§ **Exercise aim**:
Reproduce every entry that follows word for word, but omit the images.
(Dataset entries Opens)
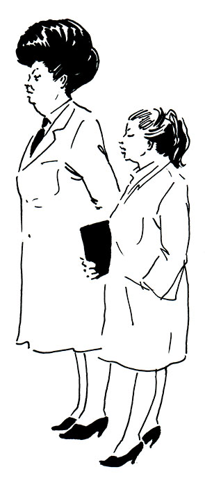 Разговоры сразу стихли. Только стук каблучков невысокой женщины, направлявшейся к столу, нарушал тишину. Она села, открыла тетрадь и приготовилась записывать. Рядом встала сотрудница с птичьим гнездом на голове, причем подошла она совершенно бесшумно. Как дородной женщине удавалось ходить на каблуках, не издавая никаких звуков, так и осталось для Вероники загадкой.
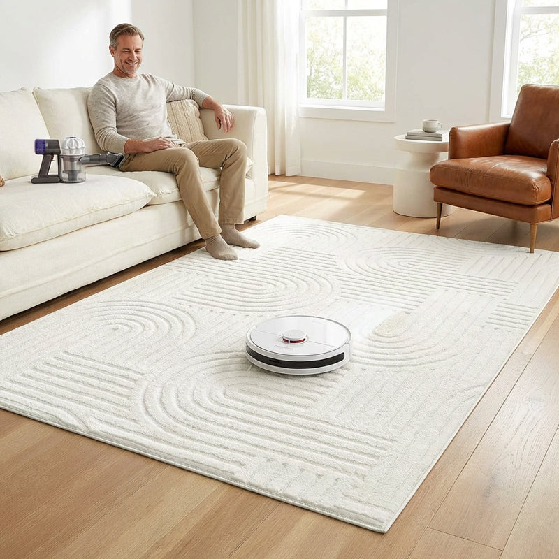 GEOMETRIC PATTERN - Offers the stunning visual depth of a high-low sculpted rug with a modern arch and line design. This creates a sophisticated focal point without the difficulty of cleaning raised textures.
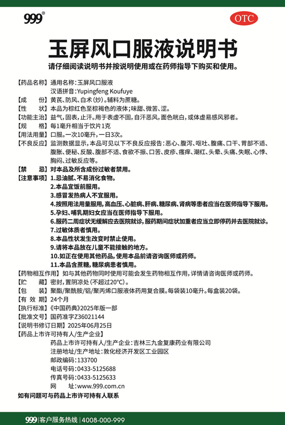 玉屏风口服液说明书 请仔细阅读说明书并按说明使用或在药师指导下购买和使用。 【药品名称】 通用名称 :玉屏风口服液 汉语拼音:Yupingfeng Koufuye
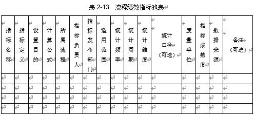 流程的梳理不是一蹴而就的,流程绩效指标的设计亦是如此,为了方便管理,通常会建立统一的流程绩效指标池。对于流程的新建、优化、变更、失效(或废止)等,都需要进行审视并更新对应的流程绩效指标库,尤其是流程绩效指标之间的关系网,包括纵向的分解与横向的拉通。流程绩效指标池表可以参考表 2-13的栏位设计。
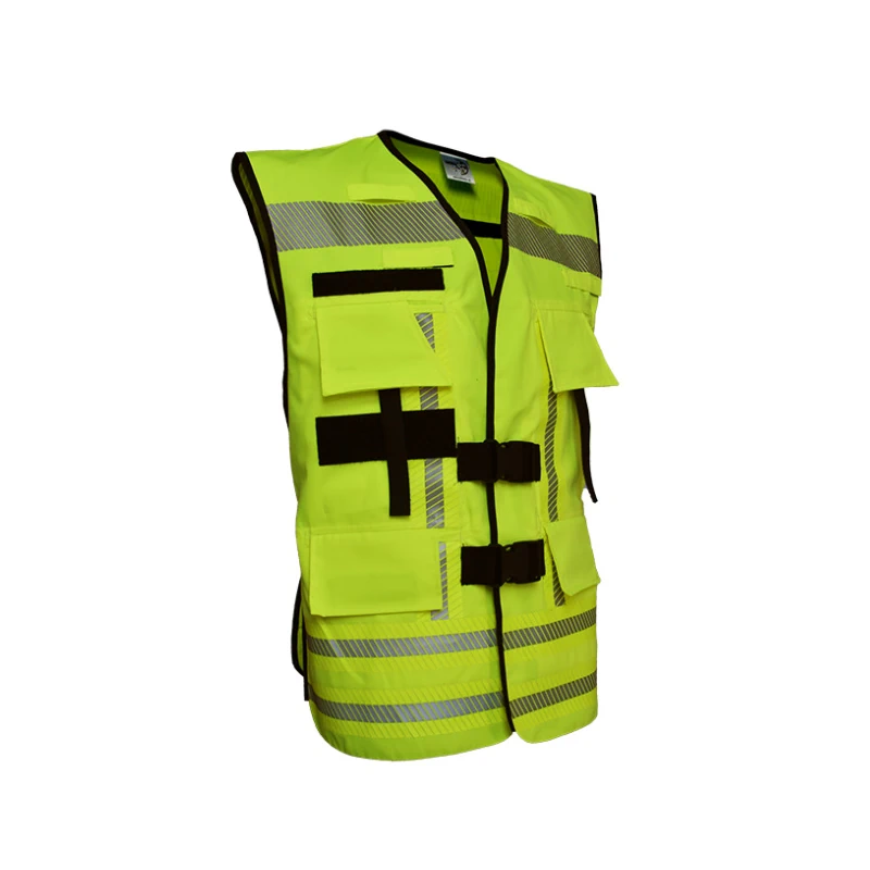 Praktische Verstellmöglichkeiten: seitlich elastisches Band mit Schnalle, vorne 2 Schnallen zum Schließen. Universalgröße, ohne Klettschilder. Perfekt für Einsatzkräfte, die Wert auf Sichtbarkeit, Funktionalität und Komfort legen.
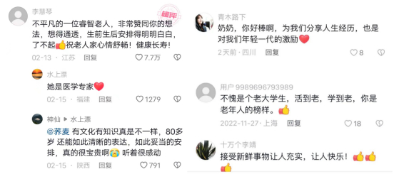 朱锦沁的抖音视频给很多年轻的网友打开了一扇了解过去,了解老一辈故事的窗口。网友说:奶奶的经历也激励着我们这一代年轻人。退休后的朱锦沁,通过互联网和短视频找到了新的乐趣,她在抖音注册了账号,还经常与网友们互动。除了让女儿帮忙在长视频里配字幕外,视频制作的大部分工作都由朱锦沁自己完成。活到老,学到老,是她一直秉持的人生态度。
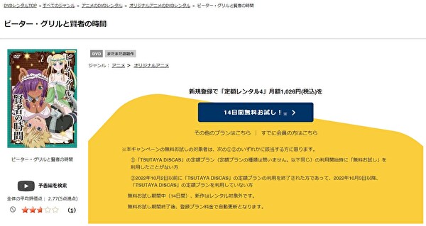 TSUTAYA DISCASは、準新作は8枚まで、話題作・旧作は枚数制限なしでお試し期間中に無料レンタルができ「ピーター・グリルと賢者の時間」のアニメは、話題作なので無料視聴可能です。
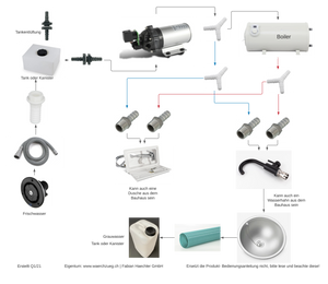 Wassersystem Skizze, Druckwasserpumpe mit Boiler
(Dataset entries Closes)
§ **Problem solution**:
 Разговоры сразу стихли. Только стук каблучков невысокой женщины, направлявшейся к столу, нарушал тишину. Она села, открыла тетрадь и приготовилась записывать. Рядом встала сотрудница с птичьим гнездом на голове, причем подошла она совершенно бесшумно. Как дородной женщине удавалось ходить на каблуках, не издавая никаких звуков, так и осталось для Вероники загадкой.
 GEOMETRIC PATTERN - Offers the stunning visual depth of a high-low sculpted rug with a modern arch and line design. This creates a sophisticated focal point without the difficulty of cleaning raised textures.
 玉屏风口服液说明书 请仔细阅读说明书并按说明使用或在药师指导下购买和使用。 【药品名称】 通用名称 :玉屏风口服液 汉语拼音:Yupingfeng Koufuye
 流程的梳理不是一蹴而就的,流程绩效指标的设计亦是如此,为了方便管理,通常会建立统一的流程绩效指标池。对于流程的新建、优化、变更、失效(或废止)等,都需要进行审视并更新对应的流程绩效指标库,尤其是流程绩效指标之间的关系网,包括纵向的分解与横向的拉通。流程绩效指标池表可以参考表 2-13的栏位设计。
 Praktische Verstellmöglichkeiten: seitlich elastisches Band mit Schnalle, vorne 2 Schnallen zum Schließen. Universalgröße, ohne Klettschilder. Perfekt für Einsatzkräfte, die Wert auf Sichtbarkeit, Funktionalität und Komfort legen.
 朱锦沁的抖音视频给很多年轻的网友打开了一扇了解过去,了解老一辈故事的窗口。网友说:奶奶的经历也激励着我们这一代年轻人。退休后的朱锦沁,通过互联网和短视频找到了新的乐趣,她在抖音注册了账号,还经常与网友们互动。除了让女儿帮忙在长视频里配字幕外,视频制作的大部分工作都由朱锦沁自己完成。活到老,学到老,是她一直秉持的人生态度。
 TSUTAYA DISCASは、準新作は8枚まで、話題作・旧作は枚数制限なしでお試し期間中に無料レンタルができ「ピーター・グリルと賢者の時間」のアニメは、話題作なので無料視聴可能です。
 Wassersystem Skizze, Druckwasserpumpe mit Boiler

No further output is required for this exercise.